Cockpit view of landing a plane in terrifying crosswinds

Originally published at:


It all looks so smooth, until you focus on the control columns. Yipe! :open_mouth:


Gave me the collywobbles.


I’m still cranked on engine turbulence in the movie ‘pushing tin’ which is fake-crate subject matter

edit description : wake turbulence

1 Like

My instructor, when I got my license, was very big on teaching me to embrace a good crab angle. It’s actually quite fun.

Don’t read too much into his rapidly flipping his yoke left and right – unlike a car’s steering wheel, on all the small planes i’ve flown, they have a little bit of dead space in them (5-10 degrees or so), so if you bump them you don’t actually do anything. He’s moving the yoke left and right quite a bit just to get to the beginning of where it responds to make a small adjustment – in a car, you are making tiny, functional adjustments all the time – here you need to do a bit more to get it to react, and he needs to react a lot to the changing winds.


Obviously I’d make a terrible passenger :smiley:

1 Like

This scene


A pat of butter wouldn’t melt on that pilot’s tongue.

Still easier than landing in Top Gun on NES.


Nice video!

They write that the crab angle was 45°, which, of course, it wasn’t. You can estimate the crab angle from the speed of the plane, I guess at least 60 kt at touchdown for the Cessna 208 “Caravan”, and the crosswind, which the pilot estimated at 25 kt. This yields a crab angle of 23°.

The pilot will most likely have used much less than full landing flaps and so was able to touch down at a somewhat higher speed, perhaps 70 kt, yielding a crab angle of 20°.

And he might have overestimated the crosswind immediately above ground a little. Perhaps it was 20 kt, yielding a crab angle of 16°.

A bit higher up the wind is normally faster, so a somewhat bigger crab angle during the approach is to be expected, but still nowhere near 45°.

Since the pilot could hold the plane aligned with the runway for a couple of seconds before actually touching down, maximum rudder deflection must have been sufficient to counteract the crosswind. From the technical data of the Cessna Caravan we could thus obtain an upper limit of the crab angle, but I do not have this information. 23° would seem very high.

The suggested maximal crosswind speed for the Cessna Caravan is 20 kt, which includes some margin of error, so we are at an entirely believable situation here.

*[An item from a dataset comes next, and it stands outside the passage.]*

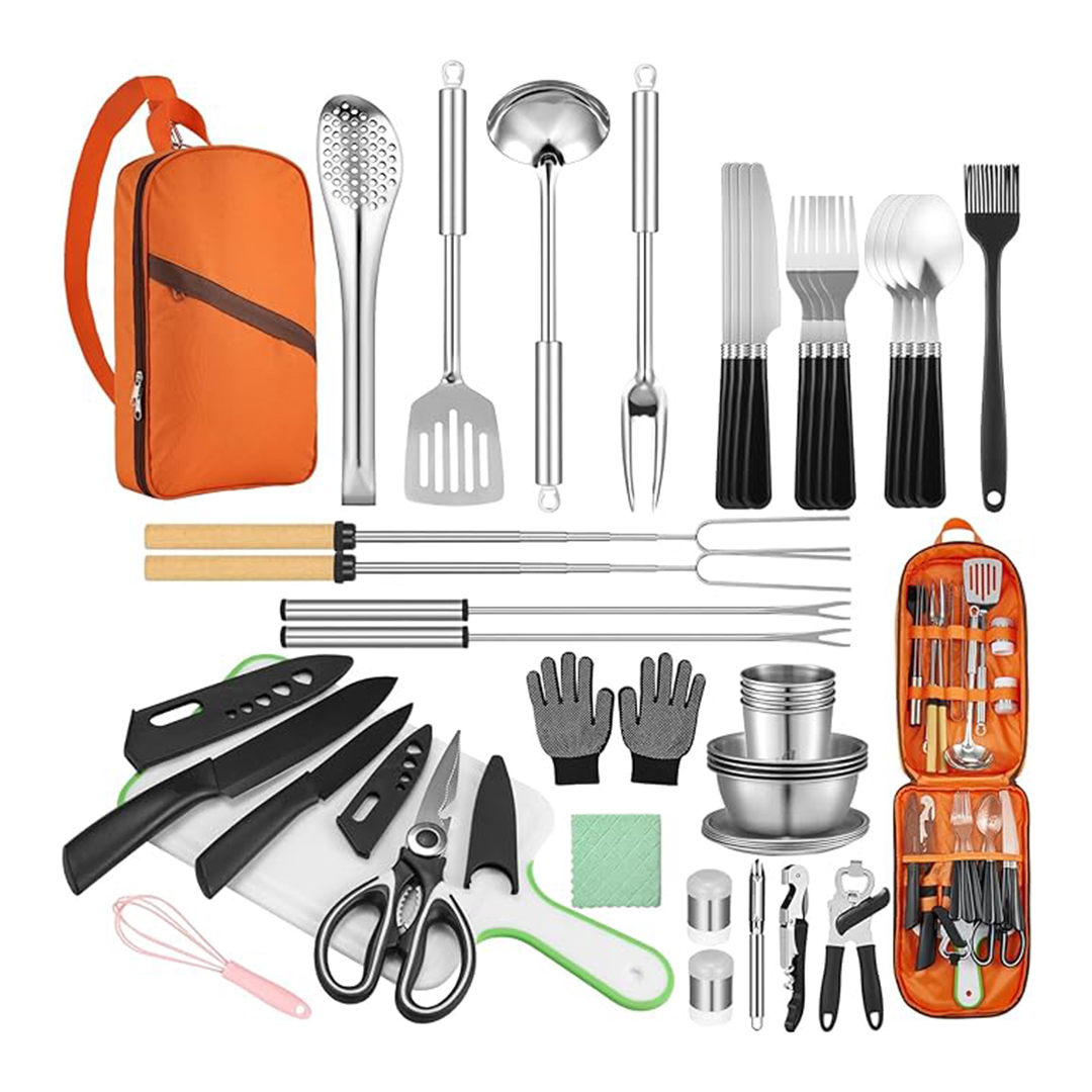 - 45-Pcs Camp Cookware & Tableware Kit – Includes1 grill spatula, 4 barbecue forks, 1 stainless steel BBQ fork, 1 soup ladle, 1 chef’s knife, 1 seahorse knife, 1 cutting board, 1 cleaning cloth, 1 pair of gloves, 2 seasoning bottles, 1 pair of scissors, 1 barbecue tongs, 4 dinner forks, 4 dinner knives, 4 dinner spoons, 1 fruit knife, 1 egg whisk, 1 peeling knife, 1 can opener, 1 silicone brush, and 1 storage bag. Additionally, it features a dinnerware set with 4 unique cups, 4 bowls, and 4 plates

Finally, no experienced pilot in his right mind would attempt a crosswind landing at a wind speed that the plane cannot handle, because that would risk damaging the plane. The landing was obviously difficult, but still within the limits of what a well-trained pilot in a Cessna Caravan is capable of.

Thanks for the video! It also shows what a nice and docile aeroplane the Cessna Caravan is, even under adverse conditions. It is a favorite workhorse for very-short-haul passenger flights in many countries around the world.

I never liked the looks of the optional luggage belly, but for its utility the fat-belly version is unbeatable.

The Cessna Caravan has one turboprop engine and non-retractable gear, ideal for short distances, low speeds, and short and rough runways.


I like to hang out on the southern end of runway 34 at Melbourne, with a radio scanner and an ADSB reciever. A few times an aircraft has flown very low over me on final and kicked off these vortexes which hiss through the air for 30 seconds or so after the plane is gone. Its the weirdest sound. Like knives swinging through the air.

1 Like

Nice. I’m going to go watch some of his other videos.

Big planes can do it too!

It’s the puddle-jumper of choice for getting into small airports in HI.

I tried for ages to get a picture of concorde landing at LHR quite an ordeal

Here’s the deal with aircraft carriers: you turn them in to the wind for flight operations so at most you’ll get an oblique gust. Easy!

I don’t think Nintendo got that memo.

1 Like

This topic was automatically closed after 5 days. New replies are no longer allowed.